We found a tree out away from all the dust and horses,
had a pretty good picnic. Then we went to the
rodeo.
I did the best I could to explain each of the events
as they happened.
I told them the bull riders and the bareback bronc
riders were just cowboy trainees. Mainly because they
hadn't won enough money to get into the real cowboy
events and all they could afford was a rope, a bell or a
suitcase handle. I also explained that the saddle bronc
riders was good enough that they had been able to buy the
saddle but not the horse or trailer it takes to compete
as a full-fledged cowboy in the timed events.
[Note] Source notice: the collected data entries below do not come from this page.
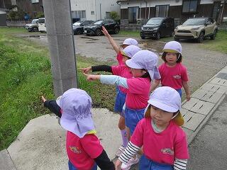 今日は、大瀬を探検しました。今日の目的は、保育園から出発してからどんなお店などがあるか皆で見つけること‼中学校や小学校を見つけ、歩いていくと郵便局やセブンイレブンも発見‼セブンイレブンにはよく行くようで「お菓子やジュースもいっぱい売ってあるんだよ」と大盛り上がりでしたよ。そして大瀬の中を入っていくと、いろいろな花が咲いており、先週調べた花の名前もよく覚えていて次々口にしていた、さくらさん‼すごい‼また、花やお店だけではなく、簡単な標識も見つけて勉強した、さくらぐみ探検隊でした。大瀬だけでなく、いろいろな場所も探検したいと思います。最後は、役場の裏で遊びましたが、靴に土が付いてしまい・・・「分かった、水たまりでおとそうや」と皆できれいに洗っていました。
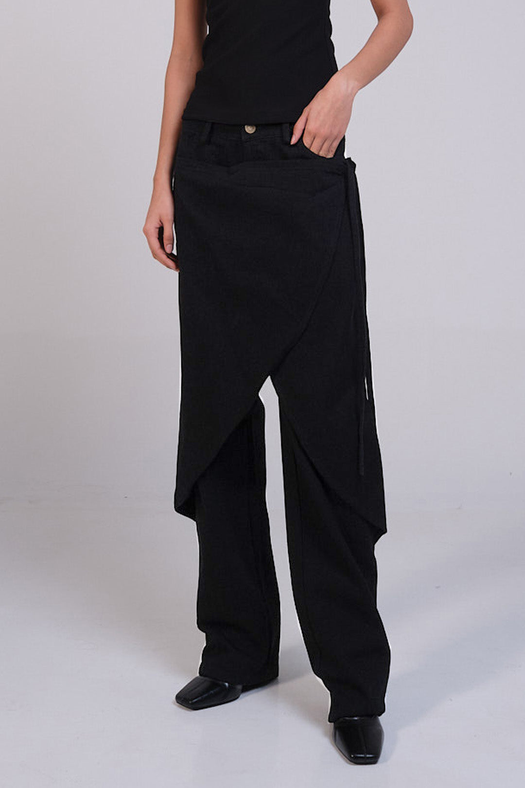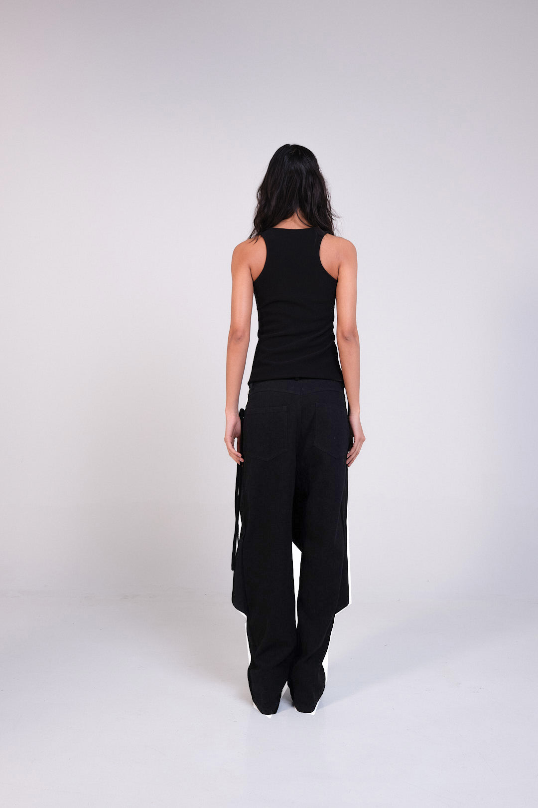 Pantalón de denim negro, con pretina y pasadores y solapas laterales con cuerda para amarrar a cada lado.
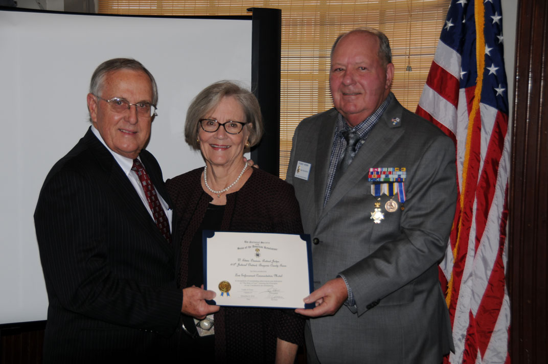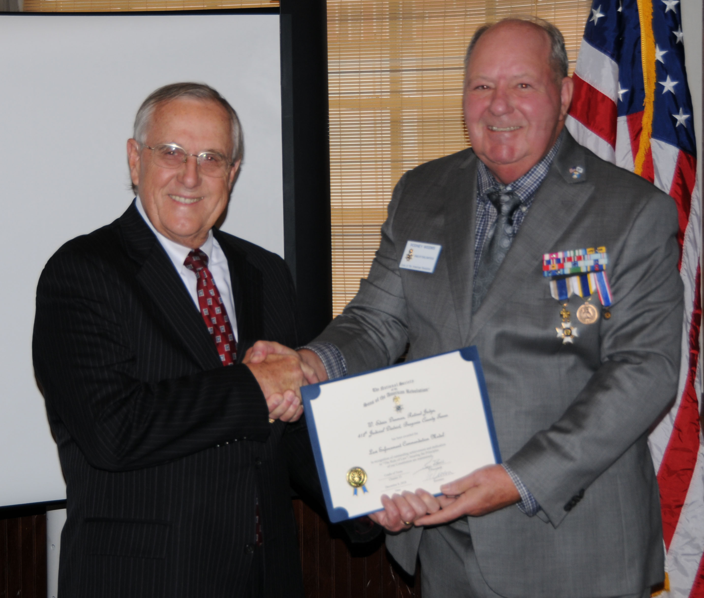 Judge Ed Denman recieves the Law Enforcement Comendation Medal from Vice President Rodney Weems, 8 Dec 2018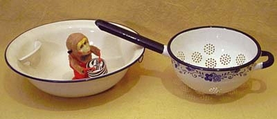 Daneben aufliegend ein Henkelsieb mit blauem Blumenmuster, eine Neuauflage aus den 90er Jahren.

I explained to them that barrel racing was a silly
event, simply because "if I didn't have a horse that
could outrun a barrel I wouldn't waste any feed on
'im."
I don't think they believed everything I told them,
but we had a good time anyway.
Till the kid's calf scramble came up.
In this group, there were four boys between the ages
of six and 10. I talked 'em into getting into the calf
scramble. It didn't take much to get the boys convinced,
but I had to outdo myself when it came to convincing
their mamas that the calves didn't have horns and they
wouldn't attack unless wounded.
The boys never even got close to the calves, but they
had a good time trying.
The only one to get injured was the youngest of the
bunch. When the announcer finally got the kids to quit
chasing the calves and start to clear the arena, Jason
turned to try and find his brother. When he did, he ran
into one of the clowns that was helping with the
scramble. Of course the clown was on his hands and knees
and had been in the process of sneaking up on Jason. When
Jason turned and ran into the clown,, the clown bellered
and scared the living hell out of a boy who didn't have a
clue as to where he was or what had just attacked him.
He broke and ran for anywhere, and mowed down another
kid that was laughing at 'im. It was kinda like the
domino effect. Within a matter of two seconds, there was
seven to 20 kids laid out on the arena floor.
I guess each one thought one of the calves had been
wounded and was attacking.
I was laughing pretty hard, not to be mean, but it was
funny. All the kids walked out of the arena. There was
one or two bumps, but no cuts or broken bones.
The clown stayed on the other side of the arena in
order to avoid being attacked by a couple of mothers that
was acting like wounded calves, and the boys were tickled
they had got to be part of a rodeo.
Nope, it don't take a lot to entertain me.